Airmen of the 51st Munitions Squadron at Osan have been honing those skills this week as part of the annual Foal Eagle exercise. The squadron is part of Osan’s 51st Fighter Wing.

“It’s meant to be an assembly line,” Capt. Andrea Wild, the squadron’s maintenance operations officer, said Wednesday. “There’s a lot of different components that are stored in various areas that we have to pull into one area to assemble these munitions.”

The airmen must get the right number and type of bombs, rockets and missiles out of storage and into various assembly points, where they’ll be fitted with components that make them ready for combat use.

The process involves trailers, forklifts, automatic hoists, ratchets and other equipment.

With the clock ticking, the airmen rush the munitions to the flight line for loading on the warplanes being readied for launch.

“It’s hectic,” said Senior Airman Richard Capuano, 23, of Danvers, Mass.

He’s worked at the bomb assembly job in Afghanistan and elsewhere in Southwest Asia in support of real-world combat missions.

“When stuff kicks off … you’re working nonstop,” he said. “Working 12-hour shifts or more. You’re not stopping.

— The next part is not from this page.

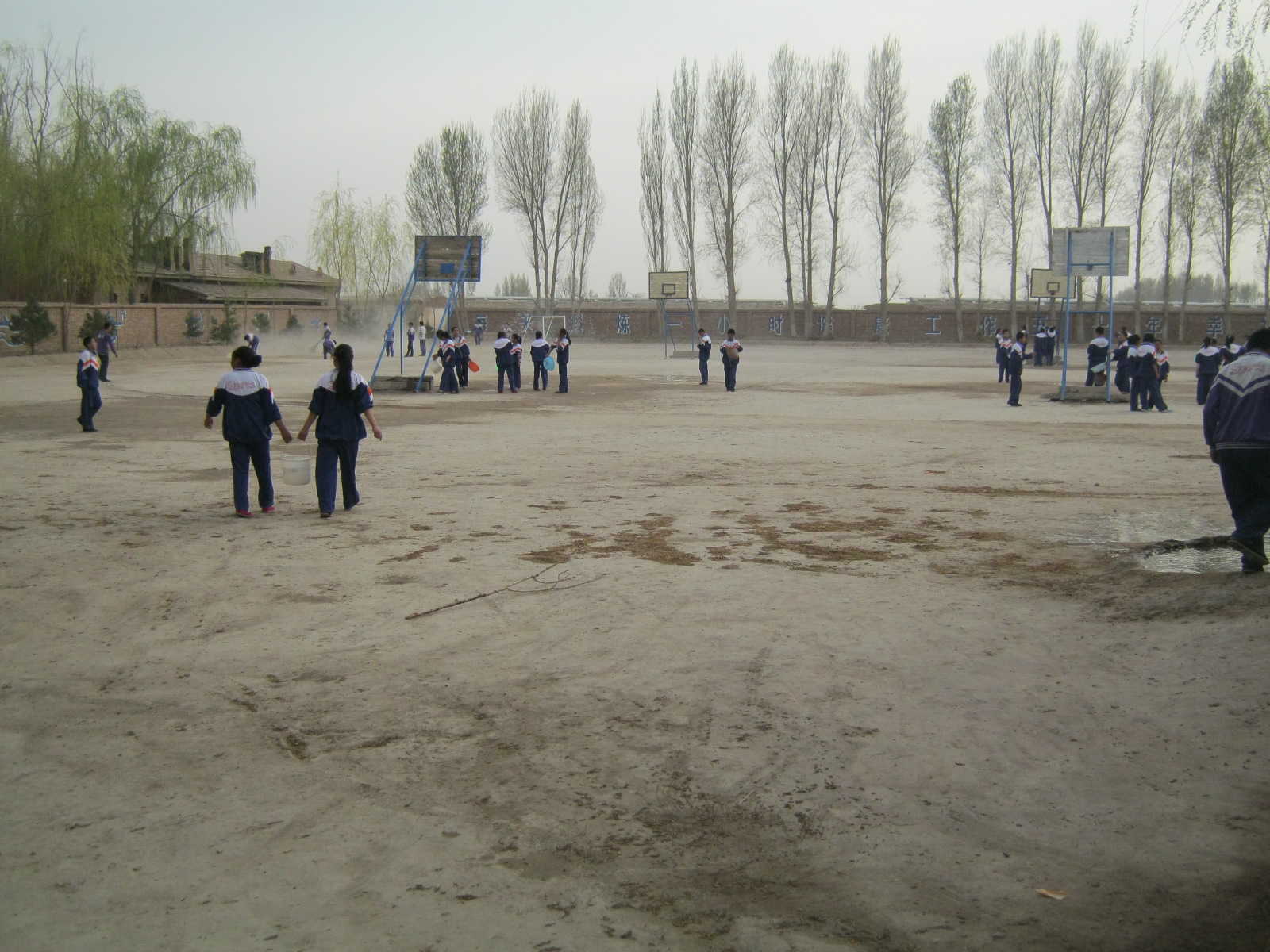 没有抢到洒水车的同学,只好端着盆子洒水。虽然比较慢,但同学们都争先恐后,没有一个偷懒的,尤其是女生,劳动积极性空前高涨。不管别人干什么,她们毫不在意,心中只有一个目标,把我们活动乐园中的灰尘消灭干净。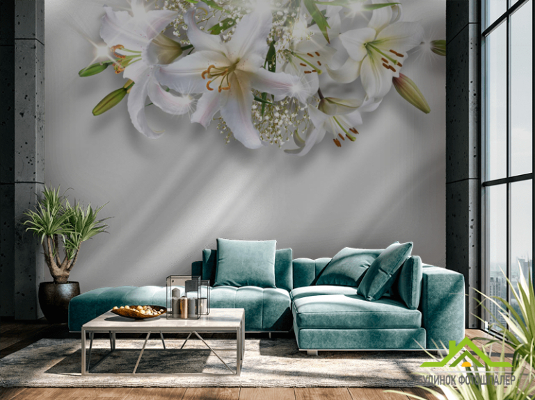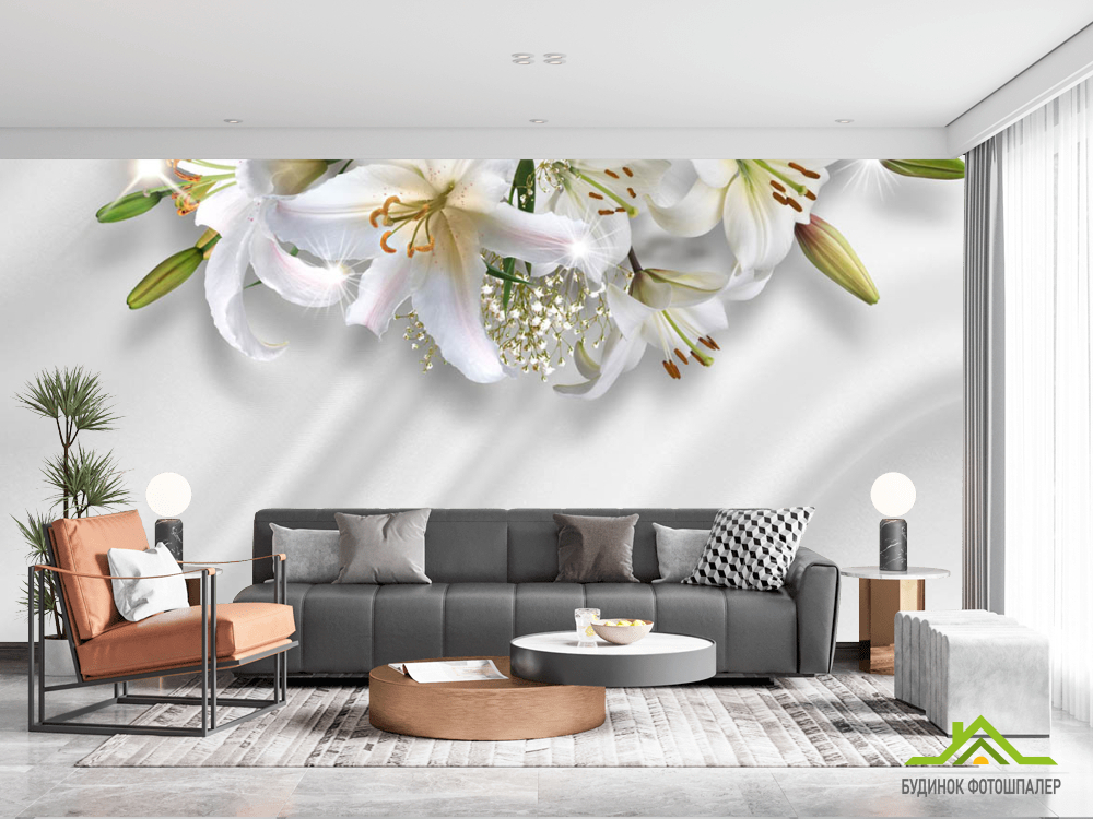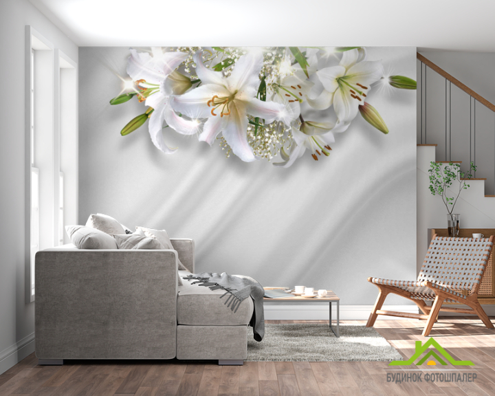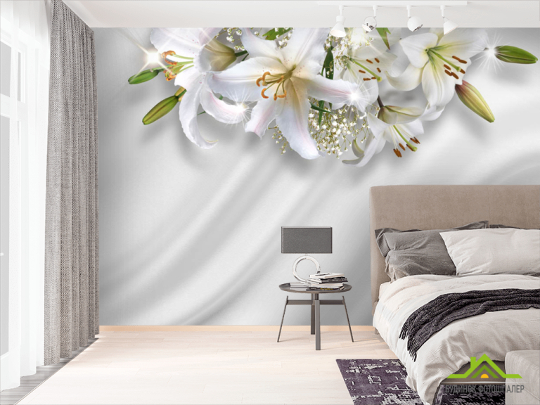 Фотошпалери Лілії на тлі атласу Фотошпалери Лілії на тлі атласу

It’s go, go, go, go.”

The wing flies two types of fighter jets from Osan: the F-16 fighters of its 36th Fighter Squadron and the A-10 Thunderbolt II attack planes of its 25th Fighter Squadron.

“Our pace is driven by the flight line and ultimately by the missions that the pilots are flying,” Wild said.

The assemblers try to make sure every jet gets its needed munitions load, a process the airmen call “meeting the frag.”

“If we fail to meet our frag, that’s one, two, maybe three jets that are not going to be able to go up in the air and put bombs on target,” Capuano said.

Getting each adjustment right is key, said Capuano, but perhaps most crucial are the fuses.

“If you’re messing up on the fusing, you’re not dropping a bomb anymore,” he said. “It’s like you’re dropping a big rock.”

So Capuano tells airmen newly out of training to keep focused on their piece of the process.

“I just need them focused on one thing at a time. If someone’s turning a ratchet, putting on a fin, someone needs to be doing that. That’s your job.”